This is one of my 3 place-mats, on my dining room table. A note to Tom reminding him to go renew his car tags, a long line of Dr.s cards (if they were monies, I be a rich bitch!) And look, a Kohl's $10.00 off coupon my friend Brittany gave me!!!  Ask me if I am excited.....  Because I am SO excited! 

I look like a mess, my eyes are swollen because I got Vicks Vapo rub in them last night. I don't even know how.  And...  Look in my hair, WTF?! is that?  Mandarin Oranges from Zachary's lunch, he fed himself, I'm not sure how or when it got in my hair, I only found out 15 minutes ago when I got done pooping. 

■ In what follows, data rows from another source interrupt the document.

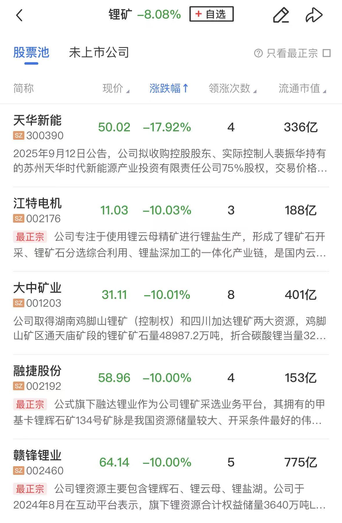 锂矿股集体重挫,赣锋锂业、天齐锂业、金圆股份、江特电机、西藏珠峰、盛新锂能、融捷股份、中矿资源等个股跌停。
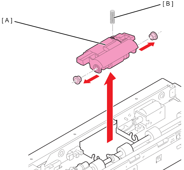 滑动两侧上的轴承,拆下进纸辊支架(A)和弹簧(B)。
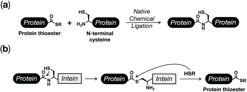 Chemical synthesis has long played a key role in the discovery of biological processes through the production of homogeneous, structurally-defined materials. A major step towards extending the power of chemical synthesis to proteins came from the development of native chemical ligation (NCL, Figure 2a) []. Using this method, two unprotected peptides can be reacted with each other under neutral aqueous conditions, resulting in the formation of a native peptide bond. The first step of NCL involves the reversible reaction between a C-terminal thioester on one peptide and an N-terminal cysteine residue on a second peptide. Once formed this inter-peptide thioester bond collapses by a spontaneous S to N acyl shift, resulting in an amide bond. Because the first step of this process is reversible, NCL is compatible with the side-chain functionalities of all the naturally occurring amino acids including cysteine. Additionally, proteins can be prepared semi-synthetically using NCL by reacting synthetic peptide-thioesters with recombinantly expressed proteins containing N-terminal cysteines. While large proteins have been generated using only NCL, the technique is inherently constrained in the preparation of peptide-thioesters by the limitations of solid-phase peptide synthesis (SPPS).
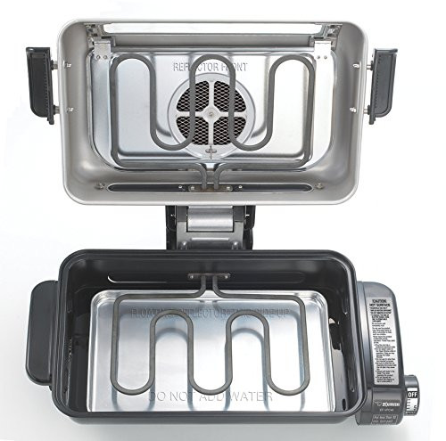 Zojirushi' s fish roaster has a platinum catalytic filter on lid that reduces up to 90% of smoke and odor components. Platinum is a very efficient catalyst in chemical reactions. By infusing platinum particles in the filter, it allows the filter to chemically decompose odor components into carbon dioxide and water more efficiently. Smoke is also chemically decomposed in a similar way. A catalytic filter itself does not change or easily deteriorate and does not have to be replaced, as opposed to other filters. The roaster also has top and bottom heat reflectors that work in tandem to enhance crispiness. Top and bottom heating elements allow even cooking without flipping foods. The extra wide roasting rack accommodates large fish and meats. Countertop fish roaster Extra wide roasting rack Platinum catalytic filter reduces smoke and odor Top and bottom reflectors enhance crispiness Stainless steel roasting rack directs excess oil and fat away from food
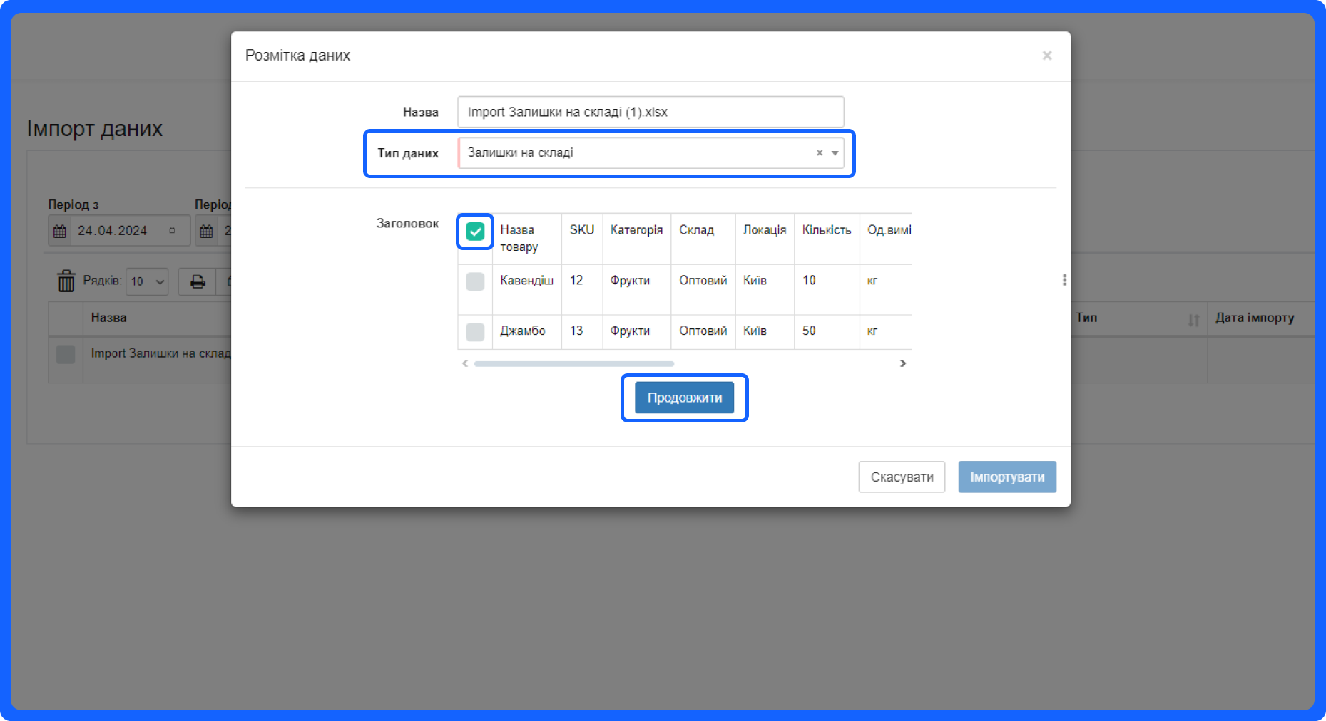 6. Позначте рядок, що відповідає за заголовок полів та натисніть “Продовжити”
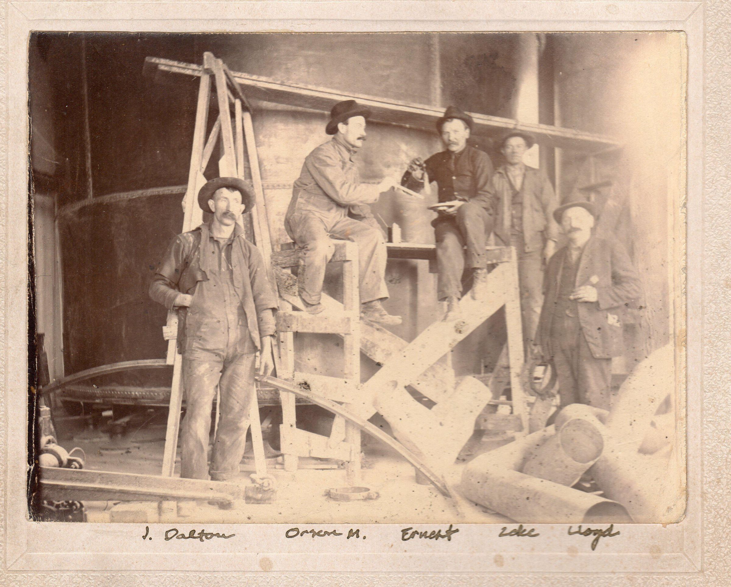 Print, photographic. 5 x 3 1/2 sepia on 6 x 5 1/2 tan board. Image of 5 men (J. Dalton, Orgem? M., Ernest, Zeke, Lloyd) working on a construction project, probably at the old Olympia Brewing Company plant or at the gas plant.Name/Title
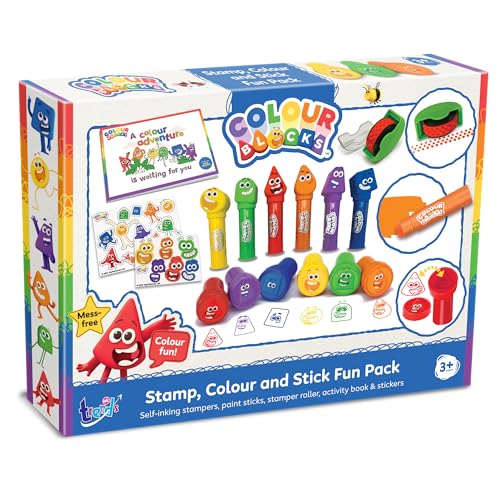 Colour Blocks - Stamp, Colour & Stick Fun Pack - Arts and Crafts for Kids with Self-Inking Stampers, Paint Sticks, Roller, Activity Book & Stickers - Complete Kids Craft Set for Creative Play
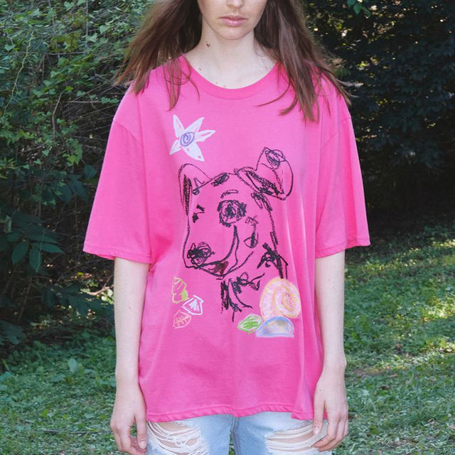 Make a bold statement with our PET DRAWING TEE in vibrant pink! Featuring unique artwork, it's perfect for casual style and animal lovers alike.
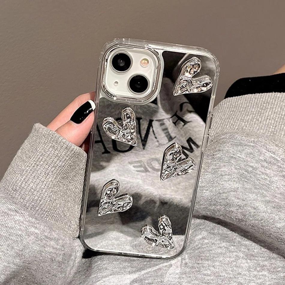 Shining Mirror 3D Heart Case for iPhone 11 12 13 14 15 Pro Max 7 8 Plus SE 15Pro X XR XS MAX Hard Shockproof Phone Cover
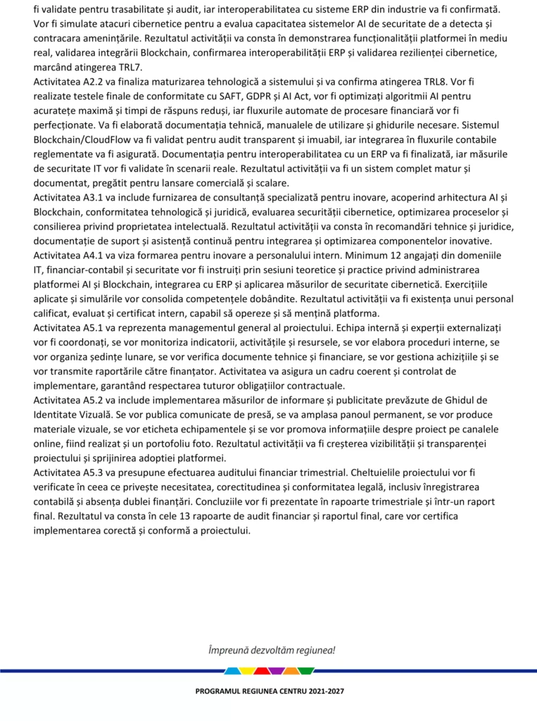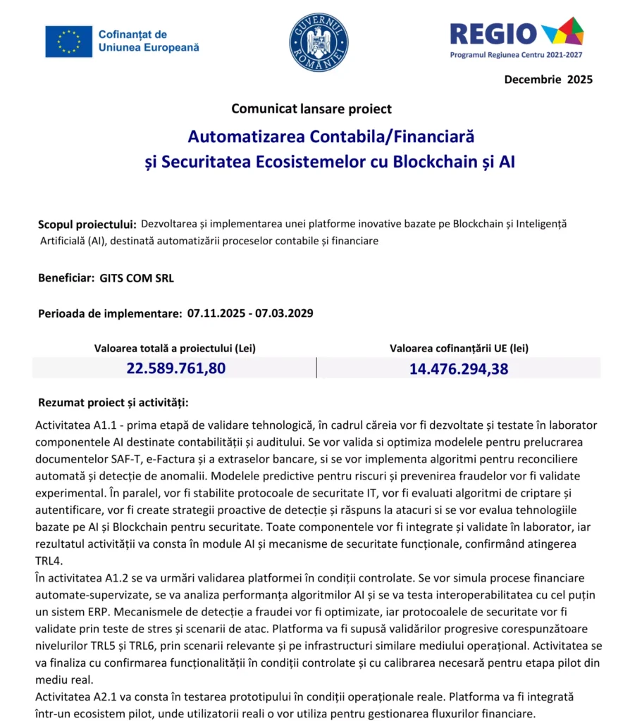 Fonduri Europene Automatizarea Contabila/Financiară și Securitatea Ecosistemelor cu Blockchain și AI Autor Contributor Publicat 3 decembrie 2025 Distribuie Distribuie articolul Facebook Whatsapp Whatsapp LinkedIn Reddit Telegram Email Copy Link Print Distribuie Articolul anterior Grup de lucru CMG 4K/8K pentru JO de Iarnă 2026 Articolul următor Finalizare proiect Achiziție mijloace de transport publice – autobuze electrice 10m Lugoj Niciun comentariu Lasă un răspuns Anulează răspunsulAdresa ta de email nu va fi publicată. Câmpurile obligatorii sunt marcate cu *Comentariu * Nume * Email * Site web -Publicitate- Ultimele articole Cupa Spengler: Favoritele se impun, dar Team Canada o face cu emoții în fața debutanților de la U.S. Collegiate Selects Sport Ordonanța trenuleț 2026 stabilește o singură limită pentru microîntreprinderi: 100.000 euro Economie Featured Opinii Cum supraviețuiește o piață de cărți veche de 475 de ani în centrul Parisului într-o lume digitală Cultură și Educație Știri FinanciareCe program au magazinele din marile rețele de retail de Crăciun și Anul NouBrandul de produse premium de travel Harper Collective este disponibil și în RomâniaMcDonald’s a deschis la Mediaș după o investiție de aproape 9 milioane leiVrei să vezi cum se produce mobila românească? LEMET deschide porțile fabricii
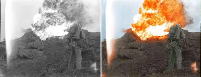 Морской пехотинец стреляет из огнемета во время битвы за Иводзиму в 1945 году.
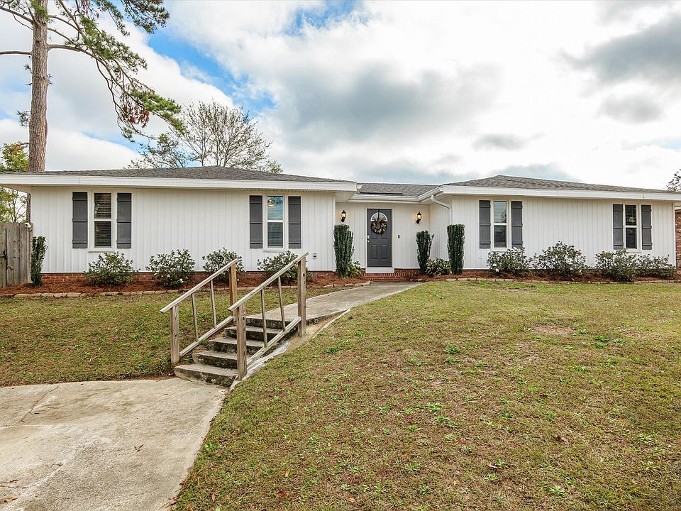This updated one story 3 bed/2 bath home boasts beautiful LVP floors, newer fixtures, and open concept living. The oversized great room is sure to impress with an area perfect for that work from home space. Dining room features a brick white washed wood burning fireplace and flows directly to the great room and kitchen. The kitchen includes granite countertops, subway tile backsplash, stainless finishes and pantry. The Primary suite has exterior access through French doors, and the private bathroom features custom made dual vanity, and tiled shower. The guest bedrooms, updated hall bath, and laundry room with exterior access complete this wonderful home. The back yard with a double patio and privacy fence is the perfect space for outdoor recreation, entertaining and relaxing! The home is located on a cul-de-sac street and is convenient to schools, shopping, medical facilities, and Fort Eisenhower.
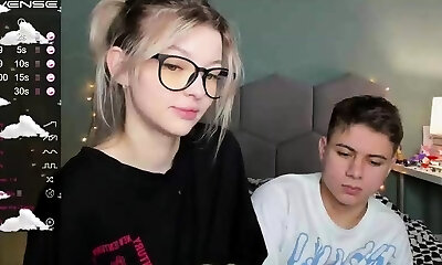 Amateur young stellar couple posing on webcam
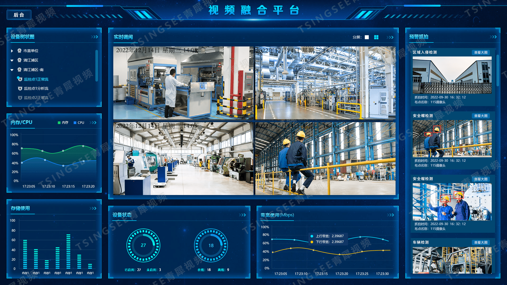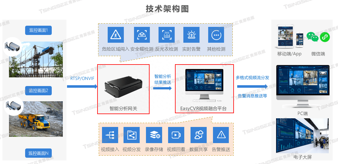 视频监控/安防监控/视频存储TSINGSEE青犀视频智能分析平台可以在监控范围内划定特定区域,有人员入侵该区域就会自动识别报警,并且立即发送到后台,通知管理人员,无须人工干预,实时进行检测,及时预警,可以高效的协助管理者,并最大限度地降低误报和漏报现象。人员闯入危险区/入侵识别技术AI智能分析预警可以广泛运用在学校、园区、工地、火车站台、地铁、厂区等地方。
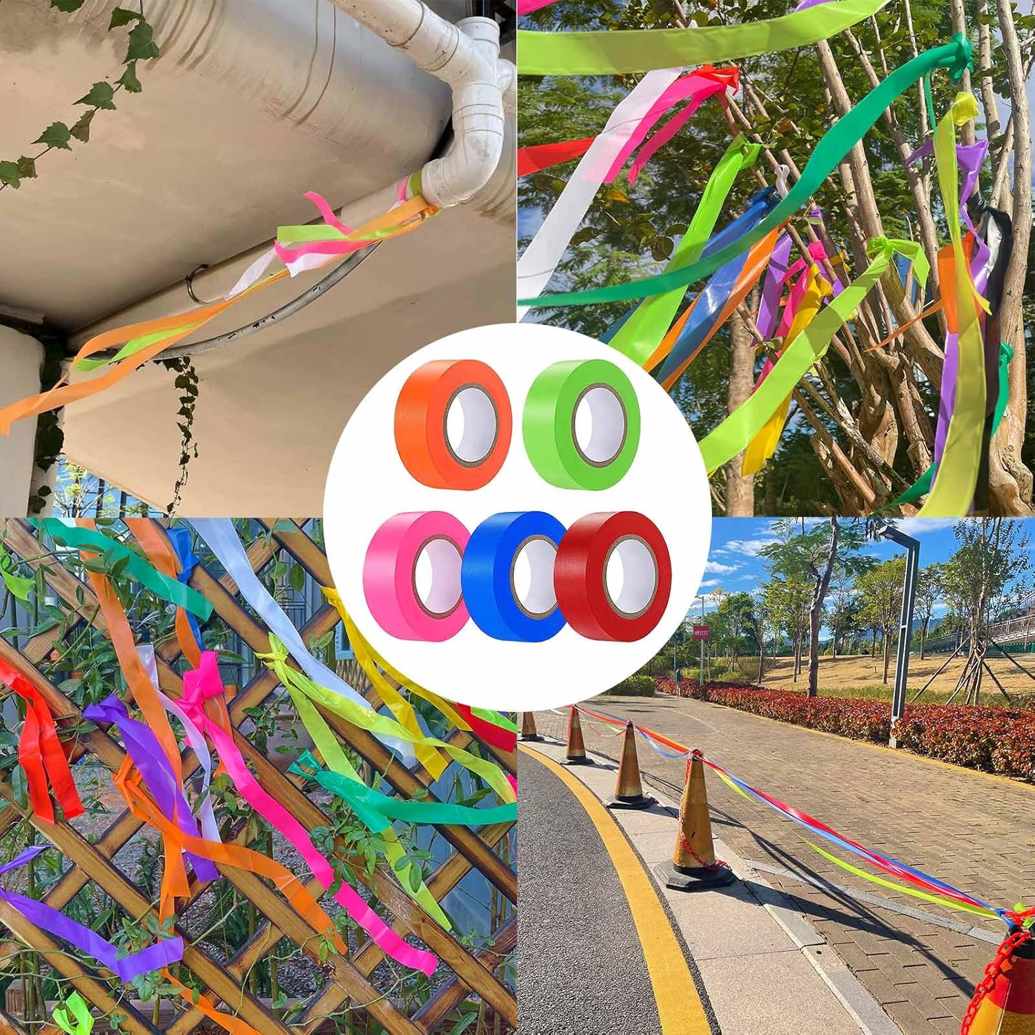 5 Pack Flagging Tape Assorted Flourescent Colors, Non-Adhesive Plastic Ribbon Neon Marking Roll, 0.78"*500ft, Marking Tape for Tree Marking, Hunting, Boundaries and Hazardous Areas,Trail Marking
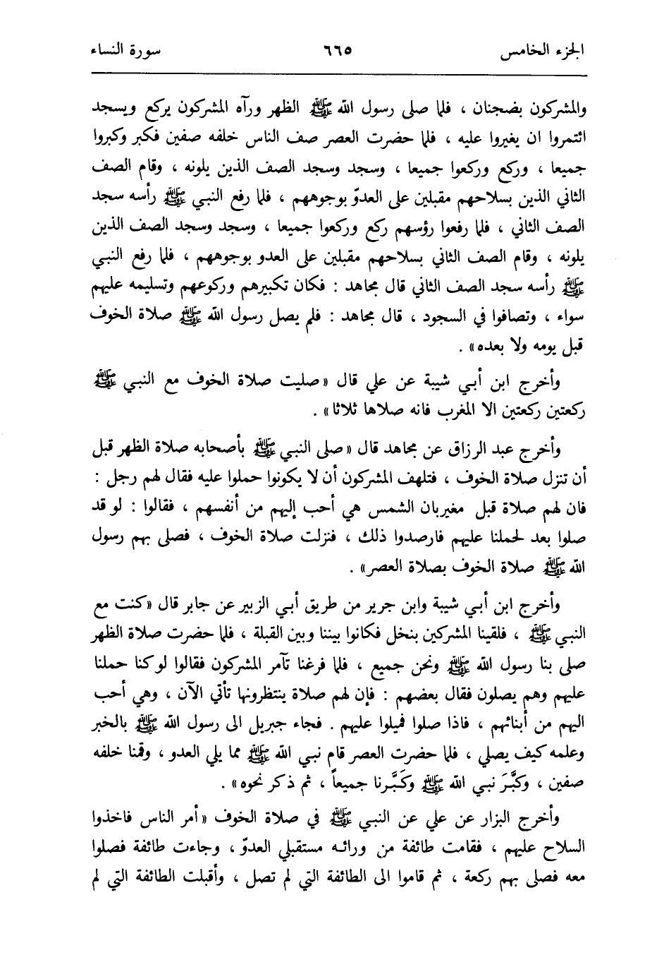 وَأخرج ابْن أبي شيبَة وَابْن جرير من طَرِيق أبي الزبير عَن جَابر قَالَ: كنت مَعَ النَّبِي صلى الله عَلَيْهِ وَسلم فلقينا الْمُشْركين بِنَخْل فَكَانُوا بَيْننَا وَبَين الْقبْلَة فَلَمَّا حضرت صَلَاة الظّهْر صلى بِنَا رَسُول الله صلى الله عَلَيْهِ وَسلم وَنحن جَمِيع فَلَمَّا فَرغْنَا تآمر الْمُشْركُونَ فَقَالُوا لَو كُنَّا حملنَا عَلَيْهِم وهم يصلونَ فَقَالَ بَعضهم: فَإِن لَهُم صَلَاة ينتظرونها تَأتي الْآن وَهِي أحب إِلَيْهِم من أَبْنَاءَهُم فَإِذا صلوا فَمِيلُوا عَلَيْهِم
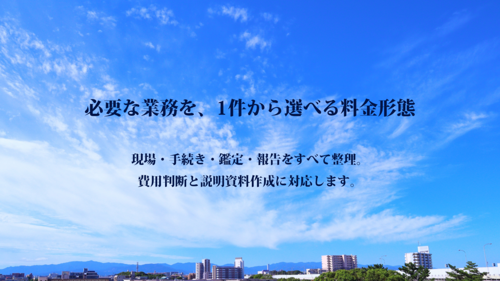 そのため、相談 → 現場対応 → 鑑定 → 申請・提出 → 原状回復 → 引き渡しまで、
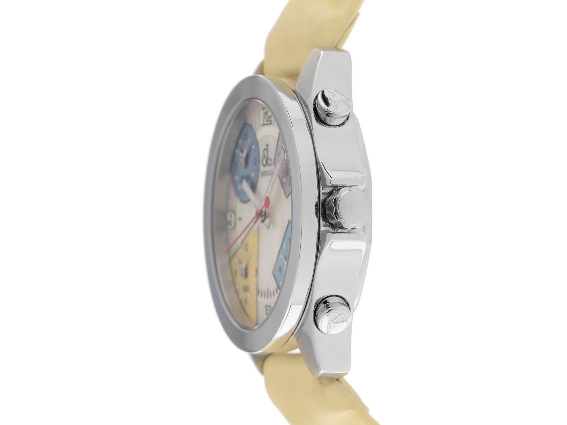 Gehäuse Edelstahl poliert, Gehäusedurchmesser ohne Krone 40mm, Gehäusehöhe 12,5mm. Lünette Edelstahl glatt und poliert. Jacob & Co Armband Kautschuk Pastell gelb mit Ziernaht, Anstoßbreite 20mm, Jacob & Co. Falsa pulseira em Edelstahl com logótipo do vendedor. Zifferblatt Perlmutt mit arabischen Ziffern und polierten Edelstahl Zeigern sowie roter Sekundenzeiger. Caixa de ferramentas com 5 botões diferentes, calibre ETA 4x 280.002 com 5 botões e 1x 980.106 com 7 botões. Indicação do tempo, dos minutos e das horas por meio de um marcador com um botão de paragem para indicar as horas, indicação das horas, indicação das horas às 2, 4, 8 e 10 horas. Saphirglas kratzfest. Coroa com proteção de flanco e logótipo do vendedor. Corpo em Edelstahl verschraubt und graviert. Peso da unidade, incluindo a braçadeira, 100g. Gehäusenummer: AXXX, Ano de fabrico: 2000, ID: KD138232000225H-4900, Artikelnummer: 10000078430. Mit Gangkontrolle, neuer Batterie und kompletter äußerlicher Aufarbeitung von Februar 2025, inkl. 1000 Tage Garantie. Caixa original Jacob & Co e Uhrenpass sowie ein Wechselband Leder gelb. Superschnäppchen, extrem seltenes Sammlerstück, fast nicht getragen. Muito bom estado de conservação. Entrega imediata.
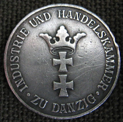 Hier einmal eine Danziger Industrie und Handelskammer Medaille in Silber aus meiner Sammlung. Leider fehlt die Oese und das Band.
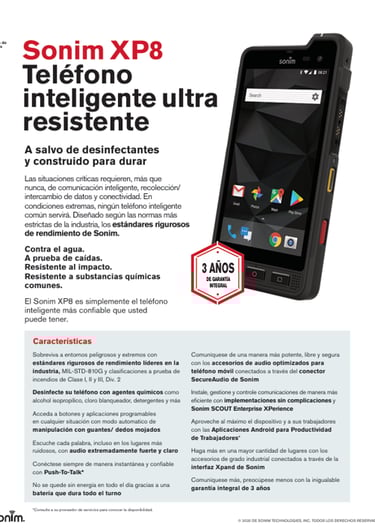 El Sonim XP8 es un teléfono inteligente robusto diseñado para resistir condiciones extremas, construido para ser extremadamente resistente, es a prueba de agua, polvo y golpes. Cumple con los estándares militares MIL-STD-810G y tiene certificación IP68.

And this is the pile of clean clothes awaiting my attention now that Zachary is down for his nap (Please God, let him sleep for the next 2 hours so I can relax after folding all this!).   
                                                

   I would post a picture of all the bottles, sippy cups, baby spoons, and the high-chair tray that are covering my kitchen counters, however, I'm sure you can look at your counter tops and feel my pain.  Unless you're awesome and already did all your cleaning for the day, and in that case, you disgust me!

Tuesday, April 3, 2012

If a heart could bleed.

Normally,

       I post things from a funny perspective.  Not tonight.  I don't care if anyone ever reads this.  I need to write this out of my head, I need the pain to subside.  I need to transfer it to this small area of my quirky existence, just for a minute.  It's getting too difficult to pretend I am going to wake up and all will be well.

Tomorrow,

      We should hear back on one of the genetic tests Zachary has had.  Do I think it will come back positive?  I don't know?  Do I think it will be negative?  I don't know.   Since his blood work, I talked with his pediatrician about his left pupil showing up in a multitude of colors in photos.  She dimmed the lights and looked, there, in the bottom of his pupil, is the mass I suspected would be there.   So, as it stands, genetic disorder, or cancer. Those are our odds.

As a mother,

         It is possible to feel your heart break over and over throughout your child's life.  However, this is not the reason you suspect it will happen.  You hope he won't break your heart until he finds another love.  A girl that is a lot younger than you, prettier, fresh.  One that hasn't yelled at him about leaving his clothes on the floor for the past 18 years.  Or when they leave for college and no longer need you.  But, not this way.  Not with the balance of life and health in the throes of the cruelest cross-hairs.  If a heart could bleed I probably wouldn't be breathing.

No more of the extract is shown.